The twisted egotists like our friend Richard Dawkins can’t see that – in their labyrinthine trap – the dragon of misrule seems to bend them to its psychotic will. They have no humour or irony, since that’s another classic, comedic value denied them. They have no knowledge of the ideal, of the power of the Venus body, born of a clam shell.

The power of the unknowable rhythm that unites thinking and feeling, the two aspects of reality or being. Without that power, there is no sensuality and hence no classical world born of the gods of fertility, of joyous gaiety, of darkest night and of searing vision. The power is of the earth and so bound with the goddesses of revival; of Proserpine and Ceres (spring), of Daphne (laurel) and of Artemis (moon), of a strength that is ageless and without real limits – of Vulcan and Pluto.

Dark is the force that renders true brio; Zappa in full flight is well out of order (pick one at random – I’m So Cute) because the two go together. One has to step out of line on the sterile catwalk of straight-line life to death if one is to regain the power that is rightfully ours (CH5 “Hyperdrive”). The power is of the earth, of its seasons, of its fruit; the power of the unconscious that connects us to the serpent. That power is under multi-level threat, not least from a social-consciousness whose sole operating parameter is “now” in the social state of man and woman.

I don’t wanna be a killjoy; there may be some place for these things (in the political sphere, say) but they cannot be allowed to dictate to the deep unconscious of Man that is his true being. The power of erotic urge and flaring vision that give our feelings and our reason a rhythmic sense of being. For the erotic is born of deep rhythm; those who worship at the shrine of DNA are false acolytes whose ego-lust blinds them to the true grace and power of woman. Only that can inspire true lust and give sense to reason and feeling.

Margaret Brundage’s covers to Weird Tales are visions that flame from the primal sense of femininity, which is lust. Their allure is timeless and part of the heritage of Man. The curves and crevices of a woman speak of the rhythmic, regenerative power of nature, of Diana the huntress and moon goddess, of blood and rebirth. For none of this is contained in DNA; it is in the deep unconscious and the immortal spirit of earth.

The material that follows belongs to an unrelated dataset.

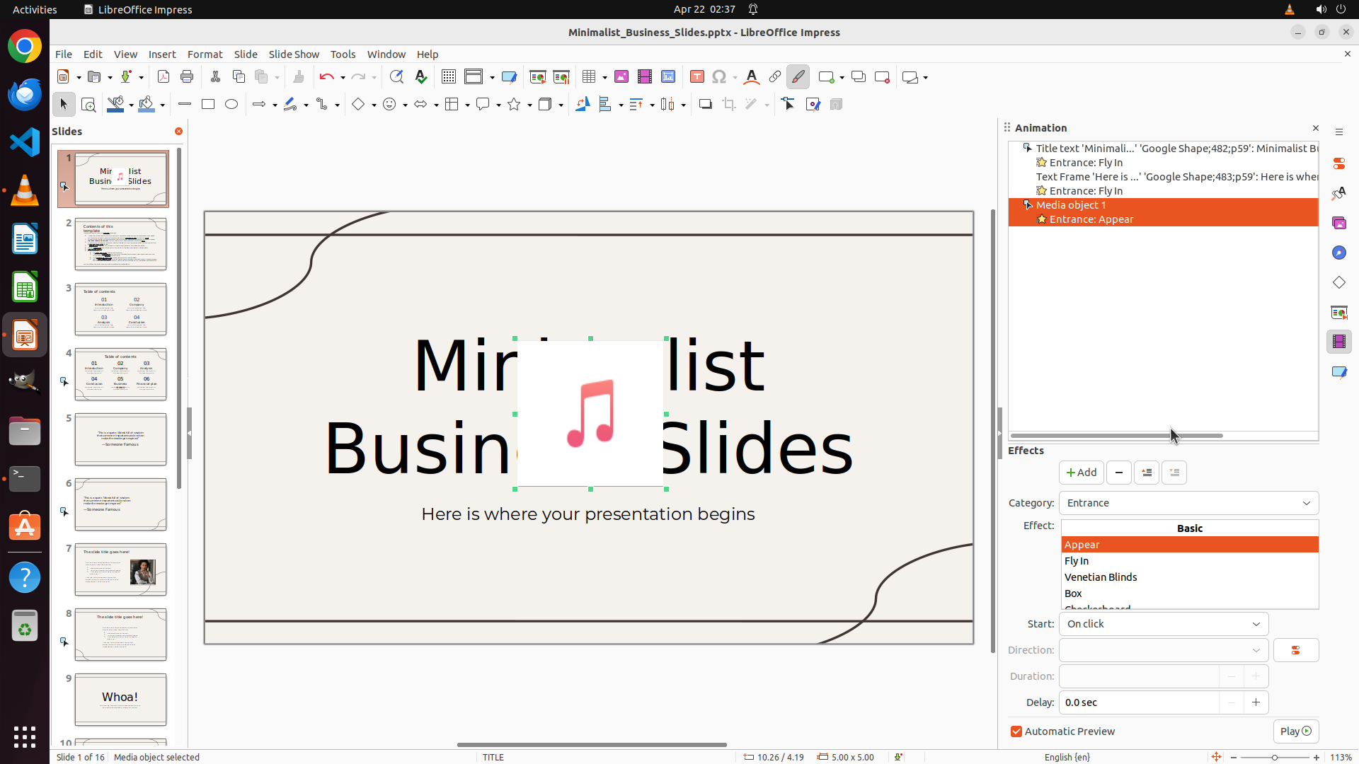 你的任务是:借助工具,来操作一台电脑来达成任务: I'm using libreoffice impress to write slideshows. I found that the video being played by VLC media player had a good soundtrack. Please extract the audio to planet.wav and use it as background music for this slideshow.。

Such alluring muscularity is Weird Tales at its apogee. It is a thing of the earth and of the primal forces that are contained in unconscious urges. “It’s weird in there”, to quote Grace Slick, because the nature of our being is not as “they” say. Allure is all, grace and symmetry are all; from this come the erotic urgings of Dionysus and the vision born of Apollo. All else is as nought.